Sadie fought down panic. Her head felt like she’d taken too much cold medicine. For an instant she wondered if she was back in her old wood-framed house in Boston, sweating out a fever and a Nyquil overdose.
But then a fork of lightning reached down and struck one of the buildings in the skyline of Youngstown—which seemed so much closer than it had from the I-80 overpass.
Briefly, she wondered if she’d see the sun again before she died, but cut the thought off with her mantra: “Doesn’t matter.”
A chill rose up her back and spread to her whole body, not from fear, but from the sweat that had soaked her underwear and t-shirt. She was going to need a fire or some kind of heater tonight when she got past Youngstown.
If she got past Youngstown.
She summoned the courage to look at her watch.
“Crap,” she said. The watch read: 3:06.
She tried to remember the last time she’d scanned the road behind her—or ahead. She’d been hemmed in by the two rows of cars, hurrying through what felt like a tunnel, fighting off the urge to panic and run by letting her mind wander, remembering her college friends, and her job search, and her grandfather and his land.
Escapism bordering on dissociation.
And it was suicide.
Someone could be stalking her right now and she wouldn’t know it.
Rolling over and uncapping her rifle scope, she slithered up the bank of the ditch. She sighted the road behind her. She was at the top of a rise, so when she stood up and rested the rifle on the roof of a car she could see for a long way back.
Nothing was moving against the gray landscape.
The car she’d slept in was long gone, as were the few topographical markers she’d seen around it. The road had curved south and west for miles.
Ten or twelve? Fourteen?
She couldn’t be sure because all her daydreaming and past-pondering had made her miss any mile markers or road signs that would have kept her aware of her location.

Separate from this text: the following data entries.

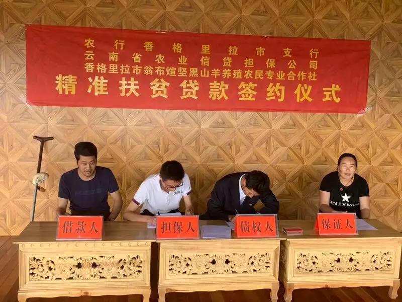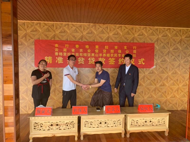 2019年6月25日,云南省農(nóng)業(yè)信貸擔(dān)保有限公司維西辦事處工作成員與中國(guó)農(nóng)業(yè)銀行股份有限公司迪慶州分行相關(guān)負(fù)責(zé)人及領(lǐng)導(dǎo)一行到達(dá)香格里拉市五境鄉(xiāng)倉(cāng)覺村,與翁布煊堅(jiān)黑山羊養(yǎng)殖農(nóng)民專業(yè)合作社簽署合同,由云南農(nóng)擔(dān)公司進(jìn)行政策擔(dān)保,為香格里拉市翁布煊堅(jiān)黑山羊養(yǎng)殖農(nóng)民專業(yè)合作社發(fā)放擔(dān)保貸款200萬(wàn)元。
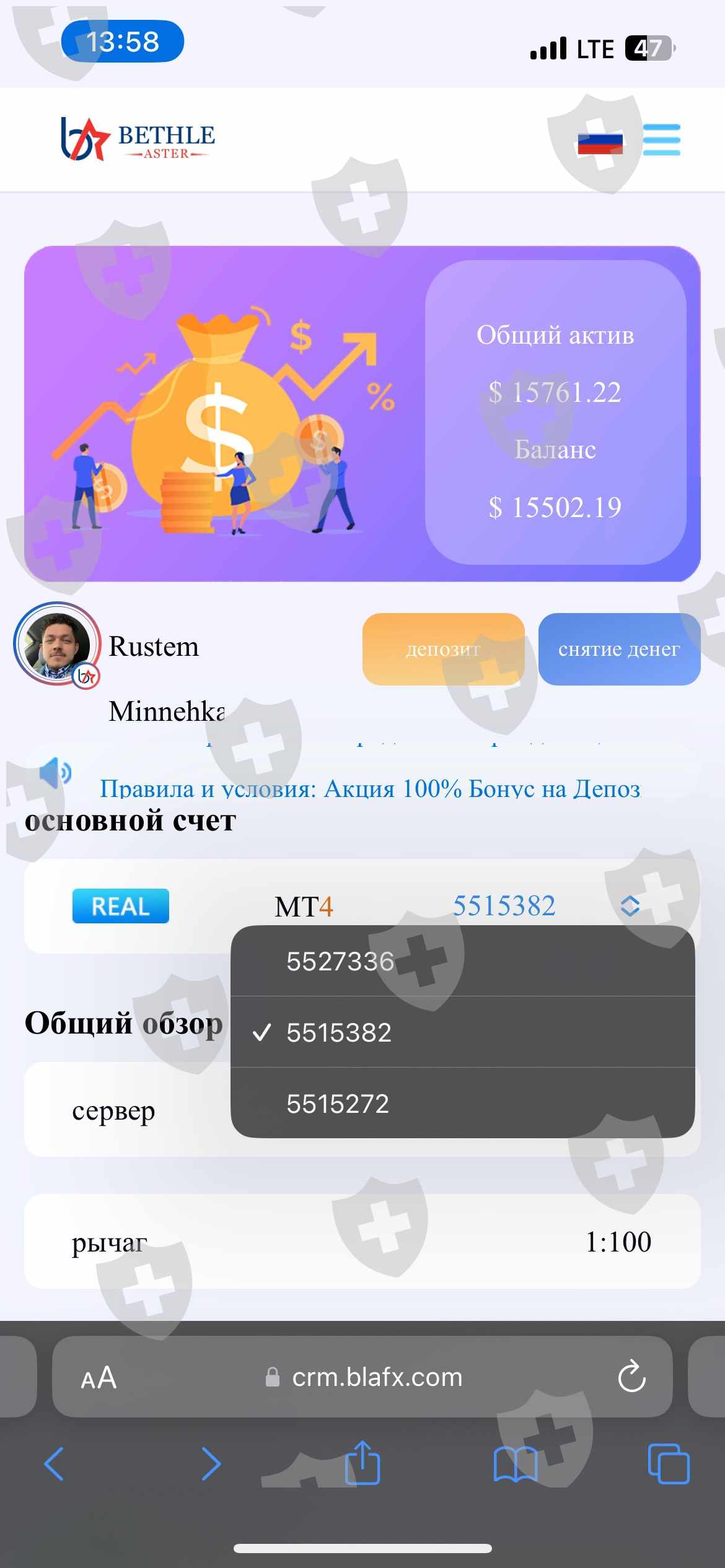 обработки) со счета. Сумма моего депозита 15761$ прикладываю скриншоты с аккаунта Blafx.com
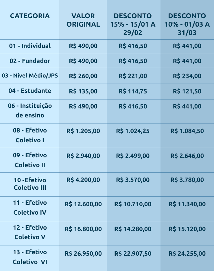 - A partir de 1 de abril: valor integral (no boleto à vista ou cartão de crédito, sem desconto, em até 6x sem juros).
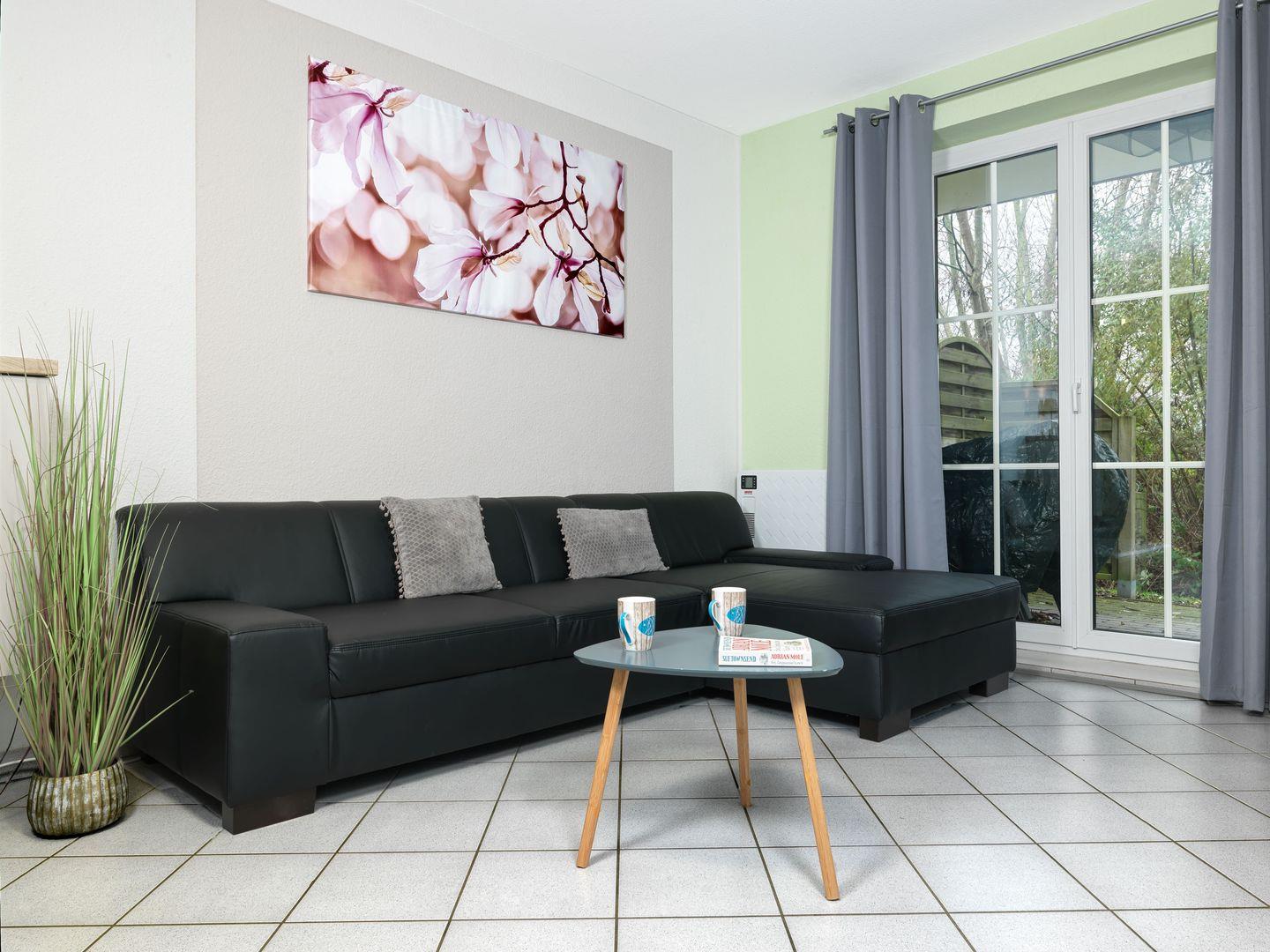 Ein gemütliches, helles Wohnzimmer mit TV/DVD/Radio/CD sowie einer hübschen Essecke in einem kleinen Erker lädt zum Wohlfühlen ein. Direkter Zugang vom Wohnzimmer zur 8m² großen Terrasse mit Gartenmöbeln in sonniger Süd-Lage mit freiem Blick ins Grüne.

After double-checking her back trail, she turned her scope forward.
The road ahead descended gently, curving toward what the compass on the red paracord loop around her neck told her was south.
The skyline of Youngstown was right there, framed by the dead gray trees that lined the road. Thousands of empty buildings and houses awaited her passage.
This was the milestone that marked the end of the first leg of her journey—six hundred or so miles of the eighteen hundred miles she needed to travel.
She estimated a two mile walk to the city limits. She knew she could make that much distance easily today, but if she could get over the river she’d feel a little safer—and a little more hopeful.
On the other side of Youngstown she’d have a fairly straight, flat road to Columbus—and then to St. Louis. Then the hills and mountains and rugged terrain and cold weather that had slowed her progress for the last four months would be behind her.
“Maybe I’ll get a toothbrush today,” she said, and shrugged a shoulder through the rifle strap. “Hell, maybe I’ll find a hot guy my age, a shower, and a clean bed.
And champagne.
And fresh roses.”
Her grin lasted all of two seconds.
“Might as well dream big,” she said. Then she set her mouth into a grim line and stepped forward.